Вернувшись в зал, он увидел, что девушка сидит и тихо плачет, и понял, что момент наступил. Он подошел к ней, обнял за плечи, отчего она отпрянула как ужаленная. Он представился и начал описывать прелести работы в ночном клубе, заманивая ее крупным заработком, тем, что работать придется не каждую ночь, а все дни у нее вообще будут свободными.

— Мне нужно подумать, хотя бы несколько дней. — Она была в полной растерянности.

Он не отставал, играя на ее тяжелом материальном положении, отсутствии родителей и тете, работающей за гроши на вокзале. Через десять минут она, как он и ожидал, дала согласие.

— Выступать начнешь в сентябре, когда откроется новый сезон, — сказал он. — А пока у нас два месяца впереди, займемся тобой.

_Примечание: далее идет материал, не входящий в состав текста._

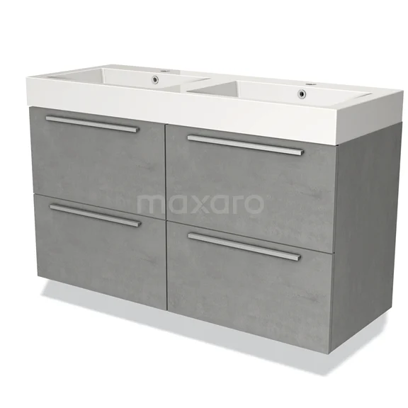 Modulo Waschtische | 120 cm Hellgrauer Beton Flach front Mineralguss 4 Schubladen
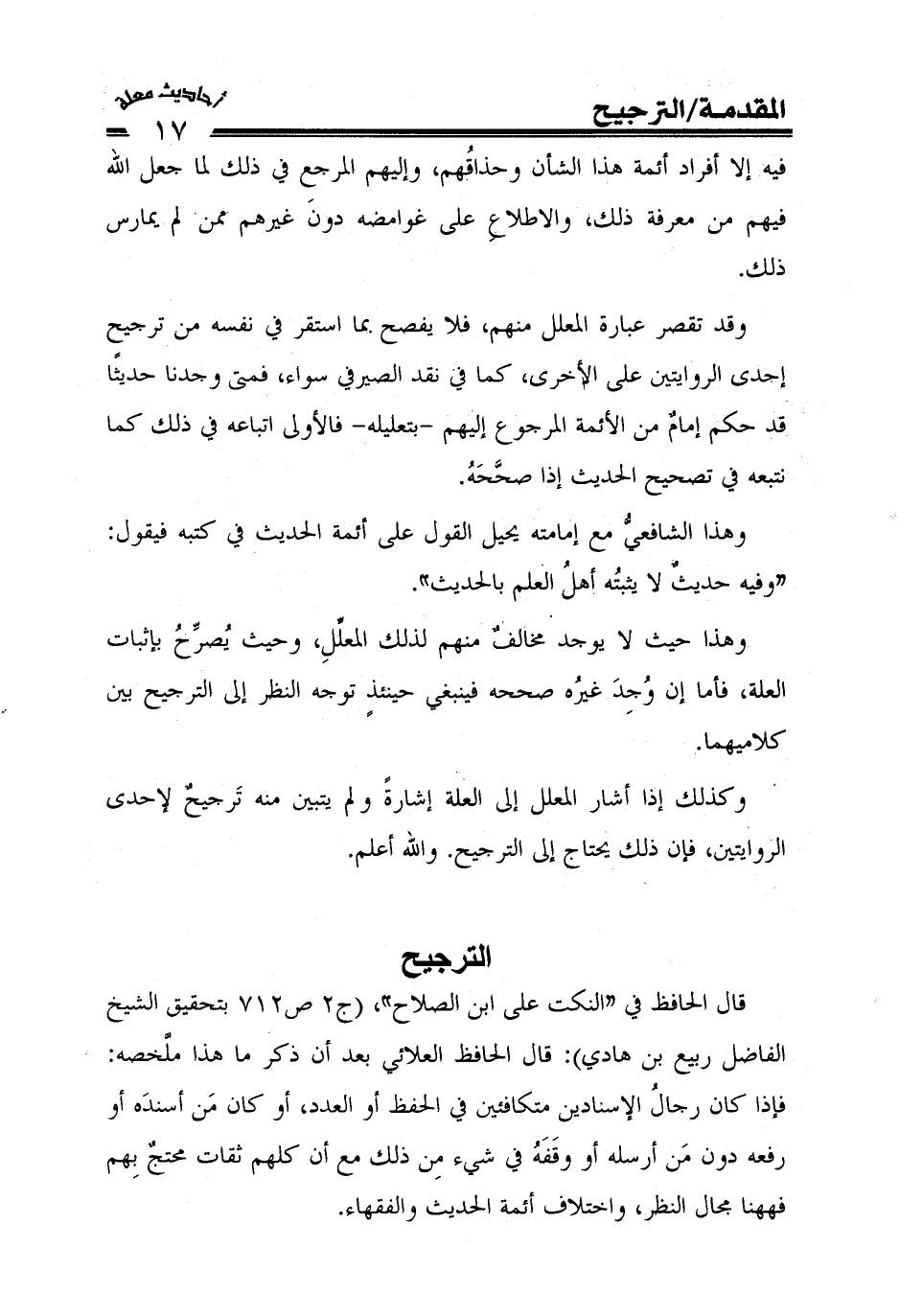 وقد تقصر عبارة المعلِّل منهم، فلا يفصح بما استقر في نفسه من ترجيح إحدى الروايتين على الأخرى كما في نقد الصيرفي سواء، فمتى وجدنا حديثا قد حكم إمام من الأئمة المرجوع إليهم - بتعليله - فالأولى إتباعه في ذلك كما نتبعه في تصحيح الحديث إذا صححه.
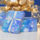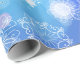 Hübsches Verpackungspapier mit mattiertem Snowflake Fantasy-Design in Blau, lila und Weiß.
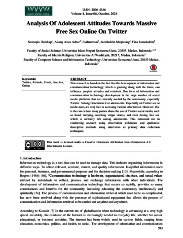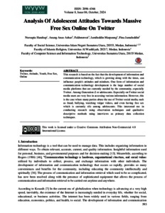 Harahap, Nursapia and Azhar, Anang Anas and Fakhrurrozi, Fakhrurrozi and Marpaung, Jamiluddin and Jamaluddin, Fina (2024) Analysis of Adolescent Attitudes Towards Massive Free Sex Online on Twitter. Waiguo Yuyan yu Wenhua, 8 (6). ISSN 2096-4366
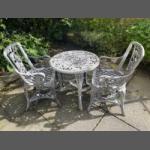 A resin garden ''sitooterie'' garden set with wrought iron effect comprising table and two chairs. Looks very classy.
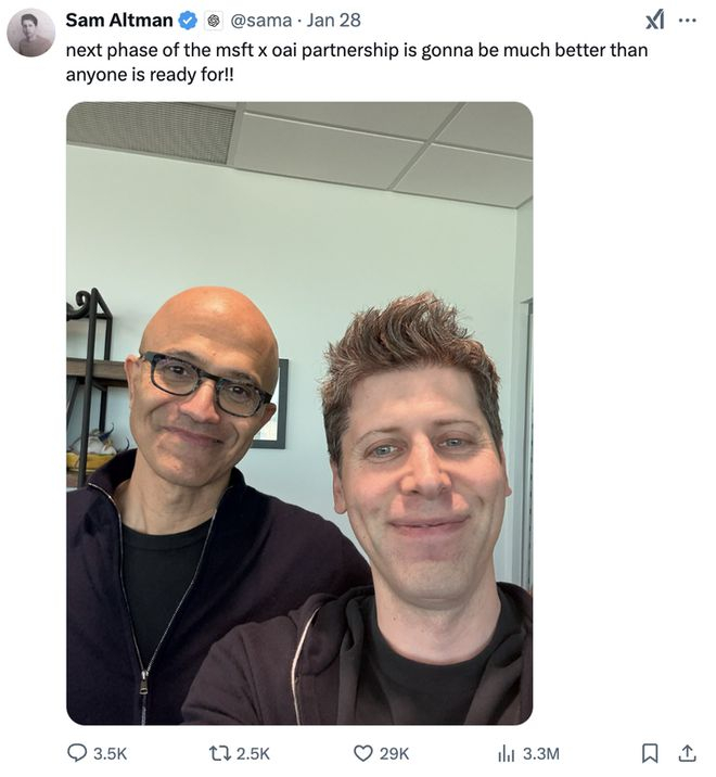 SamAltman发推称,OpenAI与微软下一阶段合作将比所有人预期地都好。
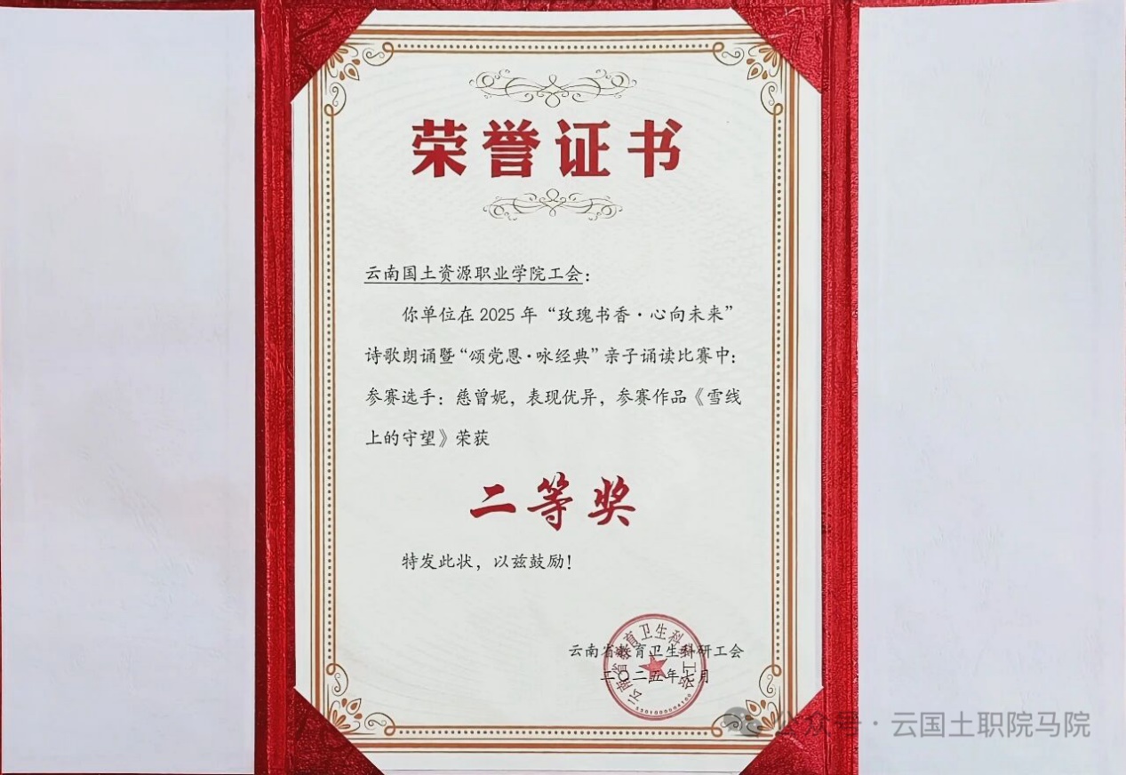 慈曾妮老师在云南省教育卫生科研工会“玫瑰书香·心向未来”诗歌朗诵暨“颂党恩·咏经典”亲子诵读比赛中荣获二等奖

Он заставил ее встать и критически осмотрел.

— Я должна буду спать с вами? — напрямик спросила она.

— Мне есть с кем спать, — с усмешкой заверил он. — Ты меня интересуешь только как будущая звезда стриптиза.

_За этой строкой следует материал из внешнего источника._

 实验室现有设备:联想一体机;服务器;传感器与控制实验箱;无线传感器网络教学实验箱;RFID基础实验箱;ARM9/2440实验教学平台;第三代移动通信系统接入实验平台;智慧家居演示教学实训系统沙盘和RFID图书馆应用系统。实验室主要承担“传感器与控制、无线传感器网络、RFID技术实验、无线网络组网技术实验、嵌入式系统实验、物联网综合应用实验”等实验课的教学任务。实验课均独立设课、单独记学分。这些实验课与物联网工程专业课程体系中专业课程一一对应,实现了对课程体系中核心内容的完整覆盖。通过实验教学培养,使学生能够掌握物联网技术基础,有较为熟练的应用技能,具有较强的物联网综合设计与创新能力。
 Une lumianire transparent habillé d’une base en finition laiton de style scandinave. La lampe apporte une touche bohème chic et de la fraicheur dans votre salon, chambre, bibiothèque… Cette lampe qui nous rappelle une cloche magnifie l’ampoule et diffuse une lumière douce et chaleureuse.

— Я должна буду спать с теми, кому вы меня предложите?

Да, у этой девочки потрясающее знание жизни. Но чего еще ждать от интернатской сироты.

Он сделал рукой неопределенный жест.

— Ладно, я согласна работать у вас, только с одним условием. Я не лягу с тем, с кем не захочу, — сказала она.

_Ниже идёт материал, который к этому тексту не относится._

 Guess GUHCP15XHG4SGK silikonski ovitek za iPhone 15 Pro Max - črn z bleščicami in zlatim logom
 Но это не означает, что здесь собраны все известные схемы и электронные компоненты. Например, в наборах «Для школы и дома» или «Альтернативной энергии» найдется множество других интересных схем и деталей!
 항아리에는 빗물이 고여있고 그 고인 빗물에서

Он вынужден был согласиться, тем более что на первой же пробе, когда они репетировали номер, она превзошла его ожидания.

— У меня к тебе тоже одно условие, — сказал он. — Ты должна больше есть, чтобы поправиться, хотя бы килограммов на пять.

Он сам водил ее по ресторанам, выбирал меню, и к началу сезона она выглядела на все сто. Он не сомневался, что условие, поставленное ею, ничего не значит. Просто ломается, как все девицы ее возраста, и наверняка не устоит от первого же предложения клиента, который хорошо ей заплатит или сделает богатый подарок.


Четверо друзей собрались за столиком ночного клуба «Элита», открытого при Доме творчества, встретившись после летних каникул. Дискотека, которую ди-джей обычно открывал после полуночи, еще не началась, и на сцене, вделанной в стену в виде грота, шла новая развлекательная программа.

— Нашего менеджера пора уволить, — недовольно произнес Берт Романовский, красивый широкоплечий парень в распахнутой на груди голубой джинсовой рубашке и точно таких же джинсах, сидевший слегка развалясь на стуле и закинув ногу на ногу. — И зачем он пригласил в клуб эту блеклую девочку? — Он кивнул в сторону певицы.

С превеликим трудом можно было узнать в этом парне прежнего хулигана и неряху Алика Горшкова. Безупречный вкус Берта был признан всеми, и если только он хотел, то по части манер мог заткнуть за пояс самого воспитанного и манерного представителя «золотой молодежи», Даниила Дегтярева, но обычно он этого не делал. Легкая нарочитая небрежность как в обращении с людьми, так и в подборе гардероба была отличительной чертой его стиля, но удачно сочеталась с его мужественной внешностью. Настоящий синеглазый ковбой из американских вестернов. Так, во всяком случае, считали девушки из художественного училища, где он учился. С ними была не согласна лишь одна, та, что сейчас сидела рядом и, как обычно, не сводила с него настороженного взгляда. Его однокурсница, сестра его друга, Диана Дегтярева. То, что в художественное училище поступила Диана, не удивило никого. Она училась в художественной школе и успешно ее закончила. Но то, что туда же поступил Альберт, нигде специально не обучавшийся, да к тому же, в отличие от Дианы, получивший по живописи «хор», а все вступительные экзамены сдавший на пятерки, было сенсацией. А следующей сенсацией было то, что при получении паспорта он изменил фамилию. С тех пор прошло три года, они учились на третьем курсе, и сейчас тот факт, что профессор, преподающий в училище, собирался отправить его для дальнейшего обучения в Москву, а потом в Италию, как самого одаренного студента, уже не так сильно шокировал местный бомонд. К сюрпризам, преподносимым этим парнем, привыкли.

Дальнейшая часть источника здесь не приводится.